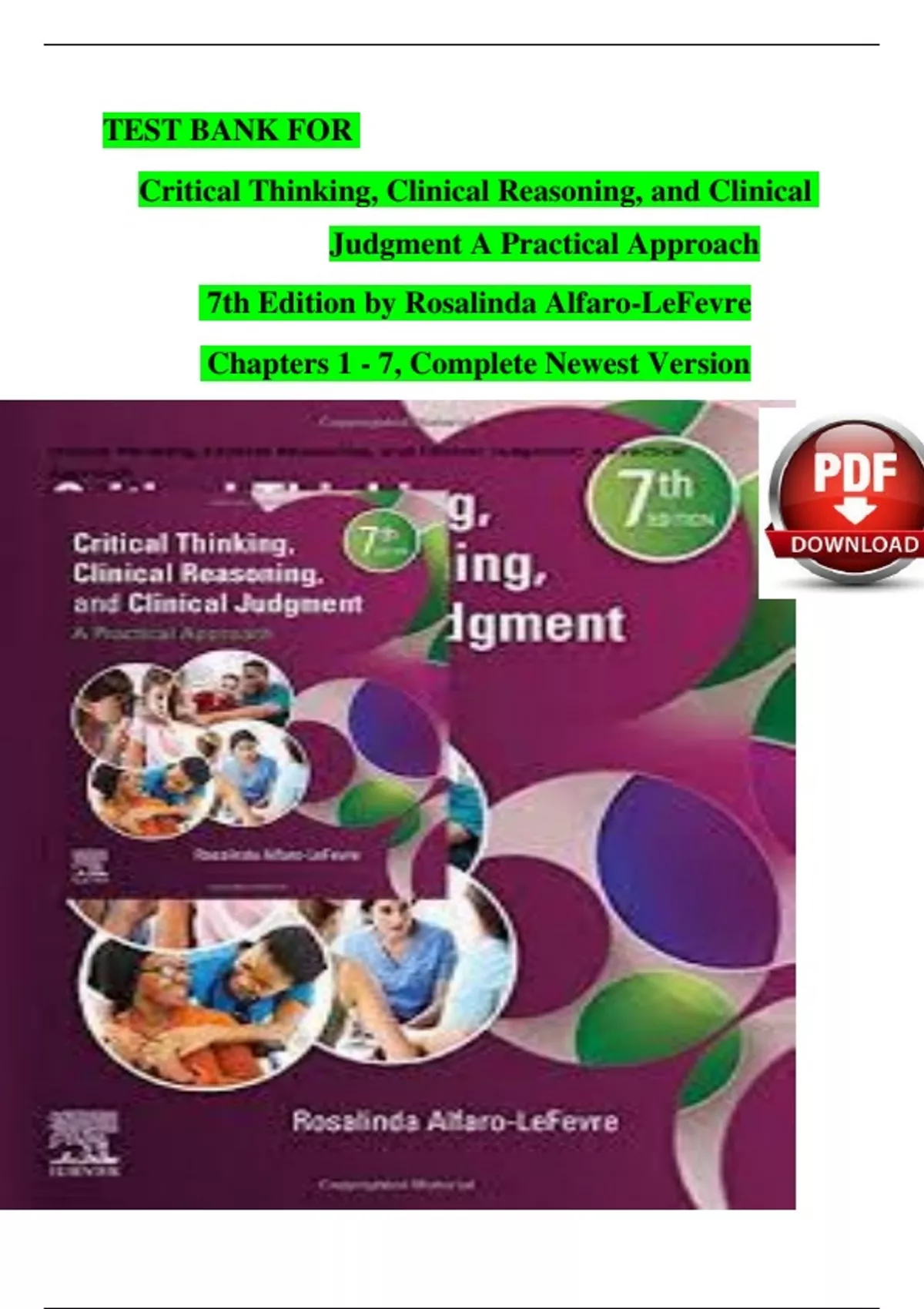 TEST BANK For Critical Thinking, Clinical Reasoning, and Clinical Judgment A Practical Approach 7th Edition by Rosalinda Alfaro-LeFevre, Verified Chapters 1 - 7, Complete New Version
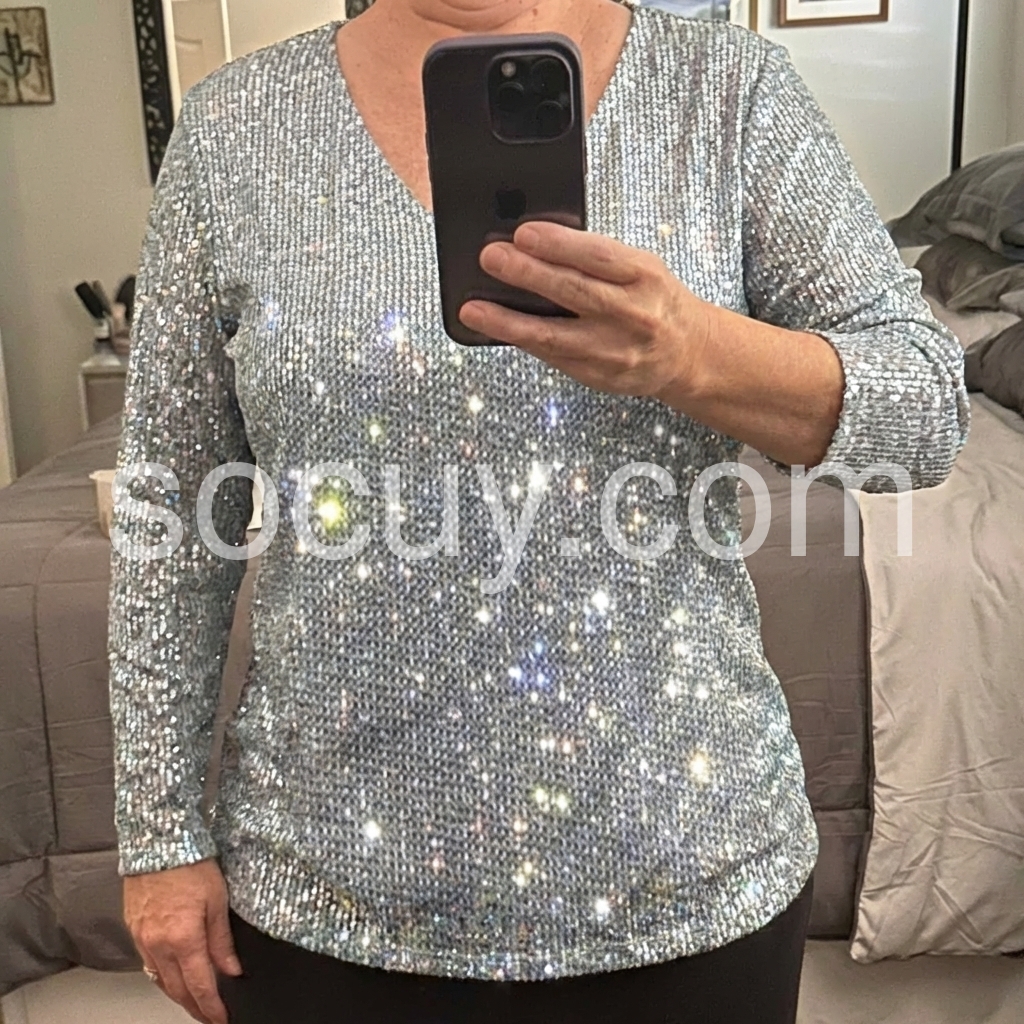 Don't miss out on this beautiful v-neck top! The intricate sequin detailing is sure to make a statement and the v-neck cut gives it a modern feel. This top is perfect for any special occasion or night out.
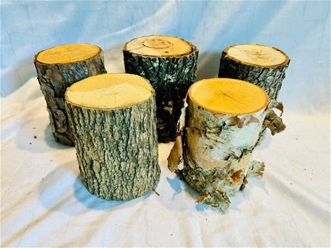 Rustic Wood Log Stumps (Set Of 5): Natural Bark Decor

|---|

Assignment
When you retype the material above, keep every word exact and drop the images.

Response to this exercise
 TEST BANK For Critical Thinking, Clinical Reasoning, and Clinical Judgment A Practical Approach 7th Edition by Rosalinda Alfaro-LeFevre, Verified Chapters 1 - 7, Complete New Version
 Don't miss out on this beautiful v-neck top! The intricate sequin detailing is sure to make a statement and the v-neck cut gives it a modern feel. This top is perfect for any special occasion or night out.
 Rustic Wood Log Stumps (Set Of 5): Natural Bark Decor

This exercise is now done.